**TASK DIRECTIONS**
Retype the records below exactly as given, but only from the first line through the line with "生鮮食品については、前期より", and without the pictures.

**SOURCE MATERIAL**
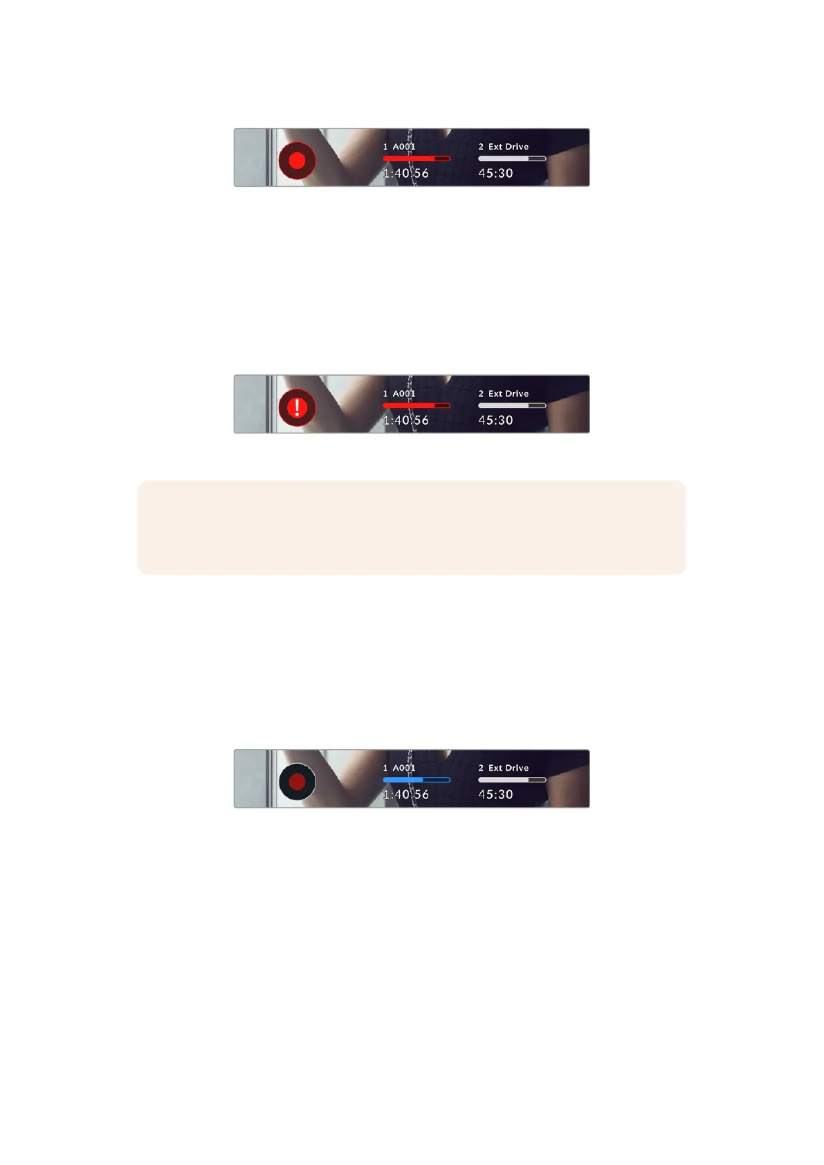 The ‘record’ button is overlaid with a flashing ‘!’ indicator if the CFexpress card or USB disk
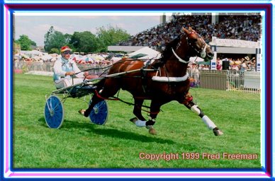 S:Vance Hanover D:Teeny Teeny This is the official photo finish photo of the 1999 Interdominion final,held in New Zealand. This was 'Sandi's' third win in a row and the first Australian horse to win three consecutive Interdominion series. His trainer/driver/part owner Brian Hancock said 'he may not have been an out and out champion but he was consistenly the best of his time' Sandi retired aged 8, this year to stud duties in New Zealand where he was bred and with winnings of over $2.2million. His wins included 3 Interdominions, Trueuer Memorial twice, Miracle Mile, WestEnd Cup Sth Aust. West Aust.Cup, Australasian Pacing Championships, Ben Hur, and many more. He retired a 'true Aussie Champ' with a farewell tour of all the states of Australia so people could say a deserved goodbye to Our Sir Vancelot.
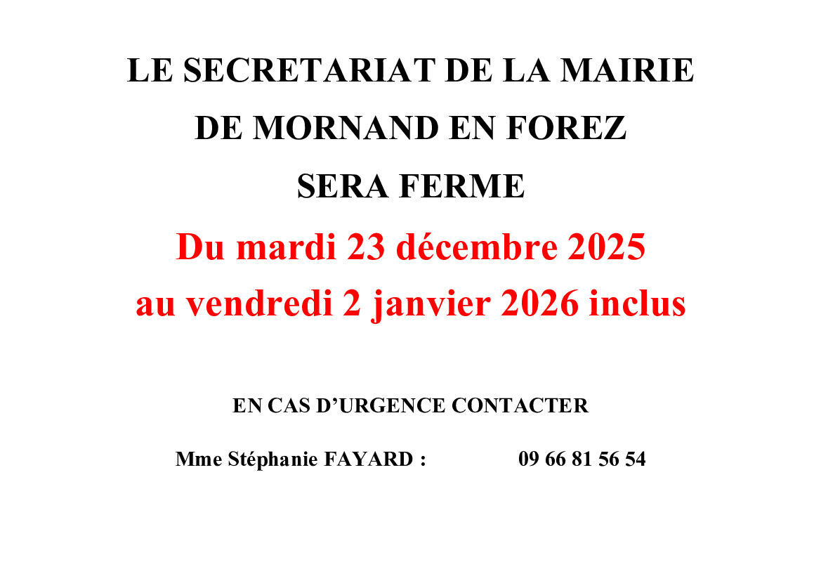 FERMETURE EXCEPTIONNELLE DU SECRETARIAT DE MAIRIE
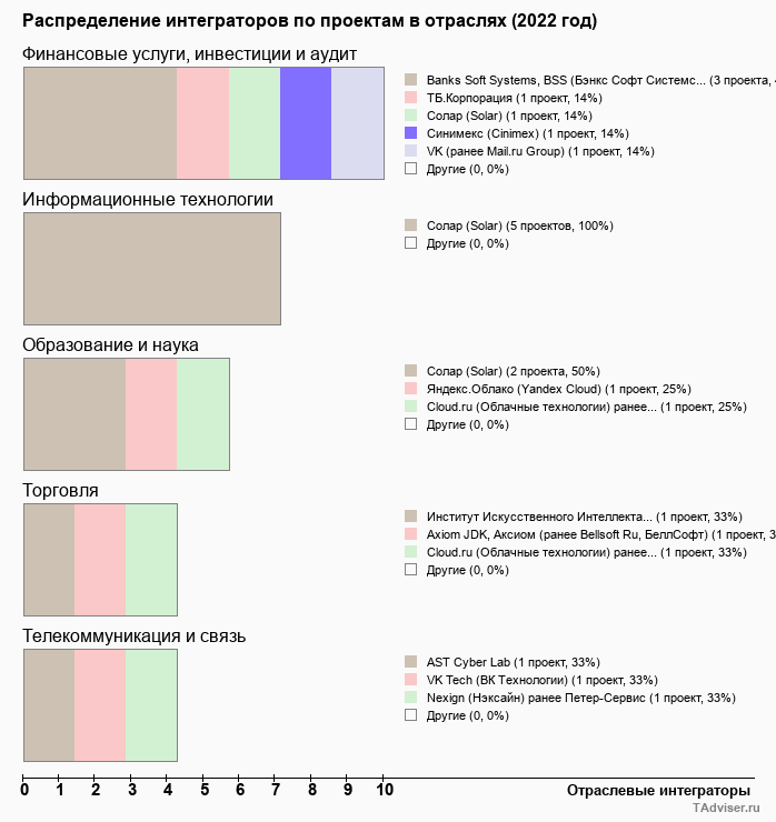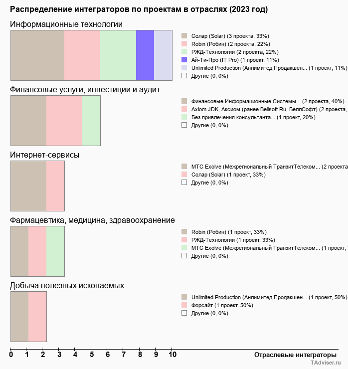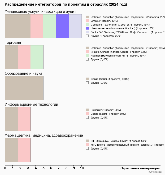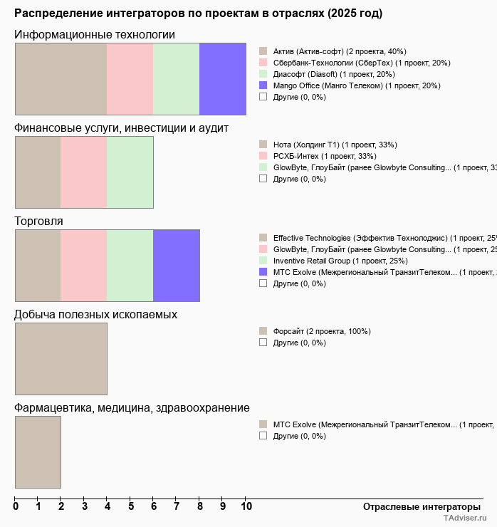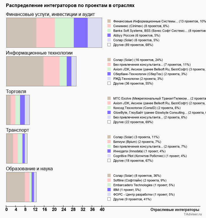 Отраслевое распределение по количеству проектов внедрений
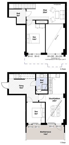 Innholdsrik og spesiell 3-roms leilighet over 2 plan med bl.a. delvis åpent mellom etasjene. Markterrasse på 14 kvm.
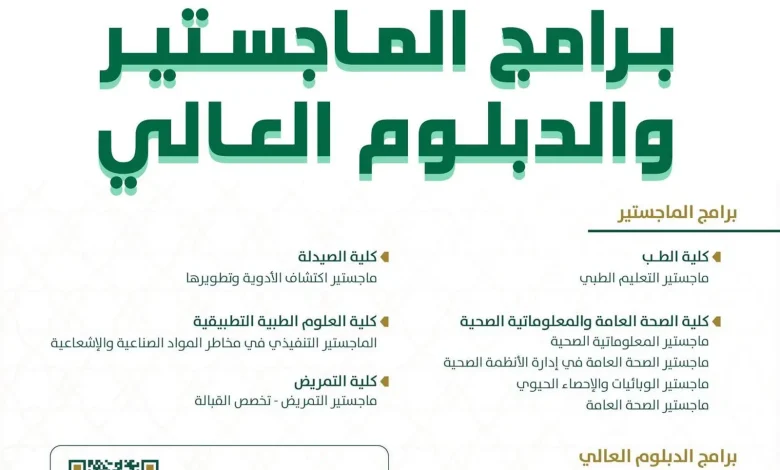 أعلنت جامعة الملك سعود بن عبدالعزيز للعلوم الصحية، عن بدء التقديم لبرامج الماجستير والدبلوم العالي في عدة تخصصات طبية وصحية، وذلك ضمن جهودها لتطوير الكفاءات المهنية في القطاع الصحي.
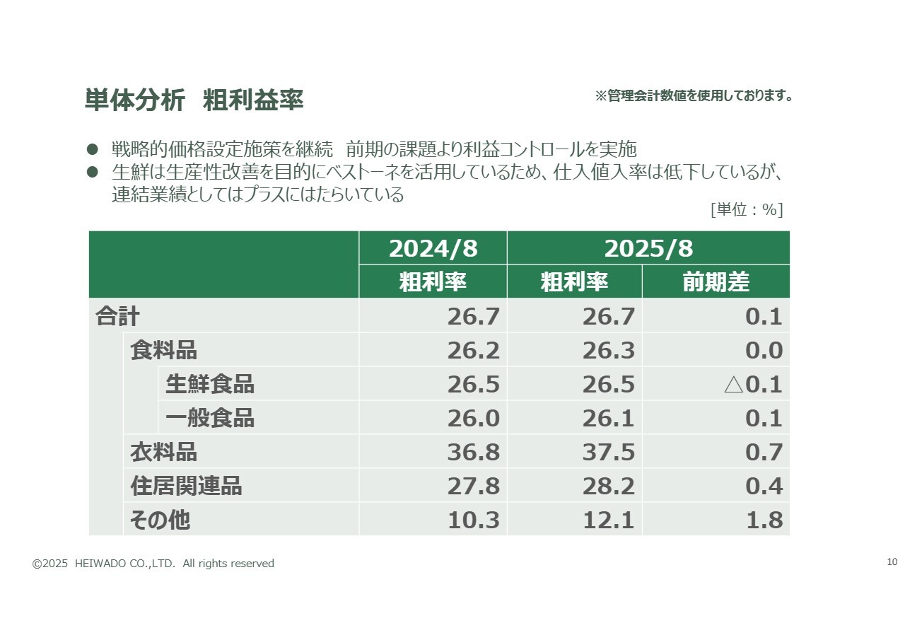 生鮮食品については、前期よりも低い数字となっています。この中には、生産性向上を目的として食品製造業のベストーネを活用したことにより、仕入値入率が低下している影響も含まれています。ただし、こちらは単体の数字であり、連結子会社であるベストーネと合わせた全体としては、利益面でもプラスに寄与しています。
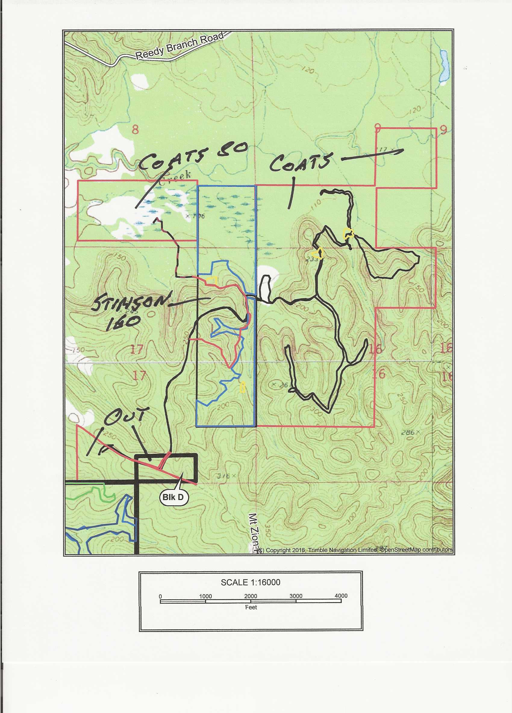 This unique property has 480 acres (plus or minus) and is located about 11 miles west of Grove Hill, Alabama and about two miles north of highway 84 in the community of Old Clarkesville. The timber stands are a mix of high value per acre mature pine and hardwood with some areas in merchantable pine plantation. There are numerous small streams and approximately ten acres in several food plots. The topography is flat to hilly. Satilpa Creek runs through a portion of the property and offers good wade fishing opportunities for small bass and bream. The soils are very fertile and the site index for growing timber is very high. Hunting is excellent for deer, turkey, hogs. And small game. There is a small but growing population of black bears. One of the owners of this property is a licensed real estate agent. For more information or a viewing please call Pete Coats at 251-564-4552.

**EXERCISE OUTPUT**
 The ‘record’ button is overlaid with a flashing ‘!’ indicator if the CFexpress card or USB disk
 S:Vance Hanover D:Teeny Teeny This is the official photo finish photo of the 1999 Interdominion final,held in New Zealand. This was 'Sandi's' third win in a row and the first Australian horse to win three consecutive Interdominion series. His trainer/driver/part owner Brian Hancock said 'he may not have been an out and out champion but he was consistenly the best of his time' Sandi retired aged 8, this year to stud duties in New Zealand where he was bred and with winnings of over $2.2million. His wins included 3 Interdominions, Trueuer Memorial twice, Miracle Mile, WestEnd Cup Sth Aust. West Aust.Cup, Australasian Pacing Championships, Ben Hur, and many more. He retired a 'true Aussie Champ' with a farewell tour of all the states of Australia so people could say a deserved goodbye to Our Sir Vancelot.
 FERMETURE EXCEPTIONNELLE DU SECRETARIAT DE MAIRIE
 Отраслевое распределение по количеству проектов внедрений
 Innholdsrik og spesiell 3-roms leilighet over 2 plan med bl.a. delvis åpent mellom etasjene. Markterrasse på 14 kvm.
 أعلنت جامعة الملك سعود بن عبدالعزيز للعلوم الصحية، عن بدء التقديم لبرامج الماجستير والدبلوم العالي في عدة تخصصات طبية وصحية، وذلك ضمن جهودها لتطوير الكفاءات المهنية في القطاع الصحي.
 生鮮食品については、前期よりも低い数字となっています。この中には、生産性向上を目的として食品製造業のベストーネを活用したことにより、仕入値入率が低下している影響も含まれています。ただし、こちらは単体の数字であり、連結子会社であるベストーネと合わせた全体としては、利益面でもプラスに寄与しています。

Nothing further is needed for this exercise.